## Aim of the exercise
Pictures excluded, return the lines below from the first through the line holding "Invitación del Relieve".

## Provided data
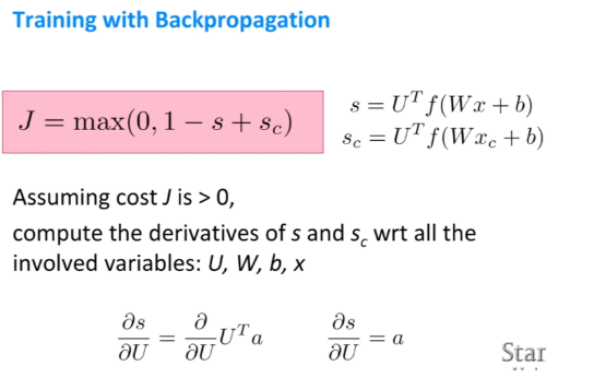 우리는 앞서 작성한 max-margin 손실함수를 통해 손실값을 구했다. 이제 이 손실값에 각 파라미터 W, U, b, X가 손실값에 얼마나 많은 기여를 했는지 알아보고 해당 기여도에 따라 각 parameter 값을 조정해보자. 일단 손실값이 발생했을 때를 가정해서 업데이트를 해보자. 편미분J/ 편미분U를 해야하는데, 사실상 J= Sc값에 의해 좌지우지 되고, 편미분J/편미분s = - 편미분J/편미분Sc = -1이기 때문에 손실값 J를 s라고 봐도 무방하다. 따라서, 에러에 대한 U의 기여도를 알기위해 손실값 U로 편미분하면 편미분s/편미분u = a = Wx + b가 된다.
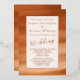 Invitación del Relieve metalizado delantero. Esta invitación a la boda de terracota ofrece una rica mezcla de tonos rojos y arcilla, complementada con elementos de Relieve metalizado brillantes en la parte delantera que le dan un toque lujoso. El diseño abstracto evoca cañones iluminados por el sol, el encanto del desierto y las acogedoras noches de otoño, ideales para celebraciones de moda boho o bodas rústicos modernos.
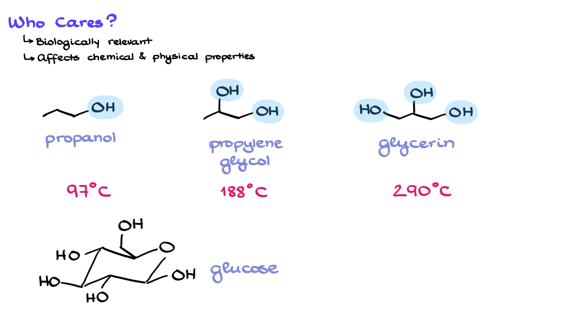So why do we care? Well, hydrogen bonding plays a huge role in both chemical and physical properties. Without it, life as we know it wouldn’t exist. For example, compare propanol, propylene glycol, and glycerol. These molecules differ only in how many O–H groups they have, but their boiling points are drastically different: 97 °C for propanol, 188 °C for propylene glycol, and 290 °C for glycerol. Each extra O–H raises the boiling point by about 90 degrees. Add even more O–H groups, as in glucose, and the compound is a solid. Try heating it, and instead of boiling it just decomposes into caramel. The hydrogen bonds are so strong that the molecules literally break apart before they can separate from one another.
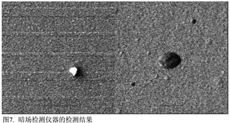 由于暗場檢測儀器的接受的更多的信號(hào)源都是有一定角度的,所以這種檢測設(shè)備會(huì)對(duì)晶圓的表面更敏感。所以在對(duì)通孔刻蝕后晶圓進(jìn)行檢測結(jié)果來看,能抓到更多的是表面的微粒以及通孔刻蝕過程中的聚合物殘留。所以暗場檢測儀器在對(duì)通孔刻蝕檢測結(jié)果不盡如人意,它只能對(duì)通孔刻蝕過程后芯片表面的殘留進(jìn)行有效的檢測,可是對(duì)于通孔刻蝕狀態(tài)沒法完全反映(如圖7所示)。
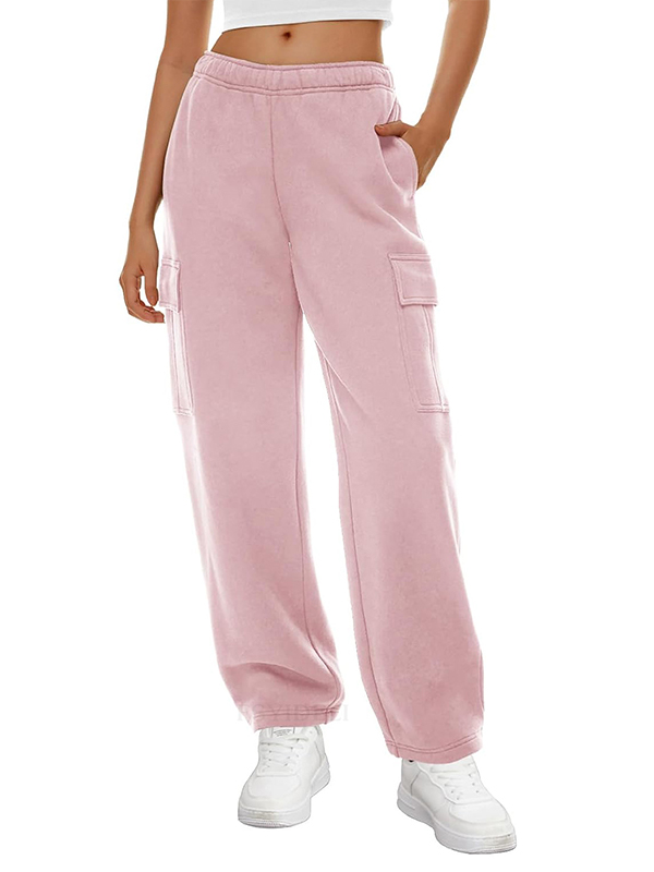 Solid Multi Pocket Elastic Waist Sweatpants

## Written response
 우리는 앞서 작성한 max-margin 손실함수를 통해 손실값을 구했다. 이제 이 손실값에 각 파라미터 W, U, b, X가 손실값에 얼마나 많은 기여를 했는지 알아보고 해당 기여도에 따라 각 parameter 값을 조정해보자. 일단 손실값이 발생했을 때를 가정해서 업데이트를 해보자. 편미분J/ 편미분U를 해야하는데, 사실상 J= Sc값에 의해 좌지우지 되고, 편미분J/편미분s = - 편미분J/편미분Sc = -1이기 때문에 손실값 J를 s라고 봐도 무방하다. 따라서, 에러에 대한 U의 기여도를 알기위해 손실값 U로 편미분하면 편미분s/편미분u = a = Wx + b가 된다.
 Invitación del Relieve metalizado delantero. Esta invitación a la boda de terracota ofrece una rica mezcla de tonos rojos y arcilla, complementada con elementos de Relieve metalizado brillantes en la parte delantera que le dan un toque lujoso. El diseño abstracto evoca cañones iluminados por el sol, el encanto del desierto y las acogedoras noches de otoño, ideales para celebraciones de moda boho o bodas rústicos modernos.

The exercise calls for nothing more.